A man who is concerned about how I feel—aware that I might actually have preferences. Kind of nice, for a change. And flattering too—I mean, I get asked out on the first day I’m officially on the market. And by a guy who publicly sings Bon Jovi with his adorable nephew.

“Just forget it.” He waves his hand in the air, maybe trying to swat away what he just said. “It was really stupid of me to think—”

“Um, this has been a weird night for me, so I’m just going to be honest. I actually find you very attractive, and you seem like an amazing uncle, which is cool. I’d probably sleep with you just so I could steal your
Too Fast for Love
original vinyl and then feel guilty and ask you out for a meal or something afterward to make you feel better about losing such an amazing rock artifact. We might even make it a regular thing, who knows? But I just left my husband—like yesterday. I’m back in South Jersey for the first time in years, and I’m now forced to deal with my incredibly fucked-up mother.
I’m not in the best shape emotionally. I should probably tattoo the word trap on my forehead for the well-being of nice honest men like yourself.
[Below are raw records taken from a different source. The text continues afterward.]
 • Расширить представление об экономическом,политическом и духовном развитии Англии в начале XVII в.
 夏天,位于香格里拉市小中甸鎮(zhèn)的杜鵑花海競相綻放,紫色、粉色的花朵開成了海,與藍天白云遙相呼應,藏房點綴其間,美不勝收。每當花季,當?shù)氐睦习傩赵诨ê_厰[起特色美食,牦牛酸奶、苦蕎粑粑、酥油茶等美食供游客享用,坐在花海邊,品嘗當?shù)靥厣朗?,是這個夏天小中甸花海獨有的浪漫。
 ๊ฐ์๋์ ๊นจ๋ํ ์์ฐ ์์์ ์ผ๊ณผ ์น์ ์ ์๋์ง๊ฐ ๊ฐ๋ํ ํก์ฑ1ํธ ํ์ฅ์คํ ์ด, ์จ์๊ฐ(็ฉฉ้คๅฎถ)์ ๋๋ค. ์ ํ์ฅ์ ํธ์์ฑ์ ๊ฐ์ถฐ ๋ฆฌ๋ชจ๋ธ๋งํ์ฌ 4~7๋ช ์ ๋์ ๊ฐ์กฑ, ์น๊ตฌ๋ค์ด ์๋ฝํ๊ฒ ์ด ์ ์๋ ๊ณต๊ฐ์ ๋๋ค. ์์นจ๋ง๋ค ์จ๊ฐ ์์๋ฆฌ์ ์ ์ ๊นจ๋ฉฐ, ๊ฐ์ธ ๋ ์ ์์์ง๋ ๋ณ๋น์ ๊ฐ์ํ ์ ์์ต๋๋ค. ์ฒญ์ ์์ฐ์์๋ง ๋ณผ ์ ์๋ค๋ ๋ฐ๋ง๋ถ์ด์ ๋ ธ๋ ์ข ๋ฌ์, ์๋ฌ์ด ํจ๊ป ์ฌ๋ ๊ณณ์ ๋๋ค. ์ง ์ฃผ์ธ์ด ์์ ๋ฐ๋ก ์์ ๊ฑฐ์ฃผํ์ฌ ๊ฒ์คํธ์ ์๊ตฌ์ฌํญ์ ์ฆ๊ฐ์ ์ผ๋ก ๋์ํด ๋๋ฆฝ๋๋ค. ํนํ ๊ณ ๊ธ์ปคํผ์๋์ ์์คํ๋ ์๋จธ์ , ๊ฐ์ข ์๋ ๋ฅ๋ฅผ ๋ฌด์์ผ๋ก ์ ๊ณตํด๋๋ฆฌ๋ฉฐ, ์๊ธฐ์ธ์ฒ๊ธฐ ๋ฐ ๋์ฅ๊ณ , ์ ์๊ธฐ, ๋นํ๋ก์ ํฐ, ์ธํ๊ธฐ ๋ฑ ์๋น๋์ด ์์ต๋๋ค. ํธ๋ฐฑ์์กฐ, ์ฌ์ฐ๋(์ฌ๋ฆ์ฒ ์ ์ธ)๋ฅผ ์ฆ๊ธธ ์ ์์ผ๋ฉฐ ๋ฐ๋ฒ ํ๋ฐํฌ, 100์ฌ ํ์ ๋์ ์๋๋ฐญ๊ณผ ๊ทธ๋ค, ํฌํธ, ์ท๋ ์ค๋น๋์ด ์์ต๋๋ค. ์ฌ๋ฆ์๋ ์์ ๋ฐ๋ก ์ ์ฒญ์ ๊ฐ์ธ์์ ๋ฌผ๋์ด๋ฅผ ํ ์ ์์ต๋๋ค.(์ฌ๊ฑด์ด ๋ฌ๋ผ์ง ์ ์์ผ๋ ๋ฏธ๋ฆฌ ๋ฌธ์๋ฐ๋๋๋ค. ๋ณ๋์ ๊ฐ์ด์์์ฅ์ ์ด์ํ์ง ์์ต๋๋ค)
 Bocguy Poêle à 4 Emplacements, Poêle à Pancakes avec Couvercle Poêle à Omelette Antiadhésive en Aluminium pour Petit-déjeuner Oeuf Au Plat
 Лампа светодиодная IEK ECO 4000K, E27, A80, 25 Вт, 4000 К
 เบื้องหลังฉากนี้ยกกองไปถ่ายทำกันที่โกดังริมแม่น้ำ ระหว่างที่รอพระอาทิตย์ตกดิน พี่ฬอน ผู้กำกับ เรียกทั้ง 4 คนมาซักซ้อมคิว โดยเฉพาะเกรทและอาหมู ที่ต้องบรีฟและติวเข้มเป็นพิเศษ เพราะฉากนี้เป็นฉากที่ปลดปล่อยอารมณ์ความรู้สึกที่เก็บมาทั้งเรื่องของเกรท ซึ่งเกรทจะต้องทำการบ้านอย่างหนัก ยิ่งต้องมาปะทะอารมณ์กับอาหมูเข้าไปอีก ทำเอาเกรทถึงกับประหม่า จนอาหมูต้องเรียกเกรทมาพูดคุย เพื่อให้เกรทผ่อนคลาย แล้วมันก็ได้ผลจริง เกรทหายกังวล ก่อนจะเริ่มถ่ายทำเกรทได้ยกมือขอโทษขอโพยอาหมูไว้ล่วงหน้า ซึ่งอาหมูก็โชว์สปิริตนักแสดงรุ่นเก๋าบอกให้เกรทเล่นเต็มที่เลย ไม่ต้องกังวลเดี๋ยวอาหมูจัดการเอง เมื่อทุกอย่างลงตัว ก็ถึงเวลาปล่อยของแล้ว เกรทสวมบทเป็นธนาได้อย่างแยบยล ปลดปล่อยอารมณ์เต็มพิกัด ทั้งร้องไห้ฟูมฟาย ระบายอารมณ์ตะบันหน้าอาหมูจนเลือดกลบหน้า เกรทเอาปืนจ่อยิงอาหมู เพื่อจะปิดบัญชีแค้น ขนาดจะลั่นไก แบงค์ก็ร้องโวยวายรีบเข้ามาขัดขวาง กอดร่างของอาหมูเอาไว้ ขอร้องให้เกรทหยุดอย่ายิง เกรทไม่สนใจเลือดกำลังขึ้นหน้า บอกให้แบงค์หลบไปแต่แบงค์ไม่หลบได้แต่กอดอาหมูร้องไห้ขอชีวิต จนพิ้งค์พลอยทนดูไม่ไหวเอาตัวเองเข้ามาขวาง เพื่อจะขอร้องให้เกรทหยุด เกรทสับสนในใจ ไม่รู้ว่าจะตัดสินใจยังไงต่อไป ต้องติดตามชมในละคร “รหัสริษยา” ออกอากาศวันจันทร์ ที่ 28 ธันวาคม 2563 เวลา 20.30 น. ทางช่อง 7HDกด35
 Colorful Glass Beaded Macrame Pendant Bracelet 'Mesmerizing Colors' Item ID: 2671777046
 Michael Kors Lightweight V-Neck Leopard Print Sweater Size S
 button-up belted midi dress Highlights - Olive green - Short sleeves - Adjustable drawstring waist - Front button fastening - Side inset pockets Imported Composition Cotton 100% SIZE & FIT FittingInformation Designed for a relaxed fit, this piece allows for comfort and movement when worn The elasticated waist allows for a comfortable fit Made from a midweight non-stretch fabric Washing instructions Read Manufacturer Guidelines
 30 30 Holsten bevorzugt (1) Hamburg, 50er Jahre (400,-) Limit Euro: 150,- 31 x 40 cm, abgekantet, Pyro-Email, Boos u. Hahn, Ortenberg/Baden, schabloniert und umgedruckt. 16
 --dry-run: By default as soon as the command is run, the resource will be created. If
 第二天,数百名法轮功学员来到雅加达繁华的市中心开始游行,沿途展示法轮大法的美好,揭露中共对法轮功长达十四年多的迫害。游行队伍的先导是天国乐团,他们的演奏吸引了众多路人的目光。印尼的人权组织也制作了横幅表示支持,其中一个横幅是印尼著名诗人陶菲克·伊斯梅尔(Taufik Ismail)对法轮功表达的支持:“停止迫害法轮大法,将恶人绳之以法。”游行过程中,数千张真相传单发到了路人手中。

Then I find out about Mr. Vernon being beaten with a baseball bat, and—”

“I loved Mr. Vernon. That was a real shame, what happened to him.”

“You were in his class?”

“One of the best experiences of my life. I’ll never forget it. He gave us these cards on the last day of school. ‘Official Member of the Human Race,’ it says. Did he do that for your class too? I can actually quote the whole card by memory, because I’ve been carrying it in my wallet—I have it on me now, in fact—and I read it at least once a day just to remind myself that . . . well, anyway, I loved Mr. Vernon. Loved him like a father. Best teacher ever.”

I fight an urge to wrap my arms around Chuck’s neck.

I’m blinking back tears.

What the fuck is wrong with me?

“You think that’s weird, right? Still carrying that old card Mr. Vernon gave everyone at the end of high school? Dorky, I know, but that class—and, well, that card got me through a really tough time in my life. Why am I telling you—I’ve never even told Danielle about—I’m such an asshole. Why would you even care about any of this?”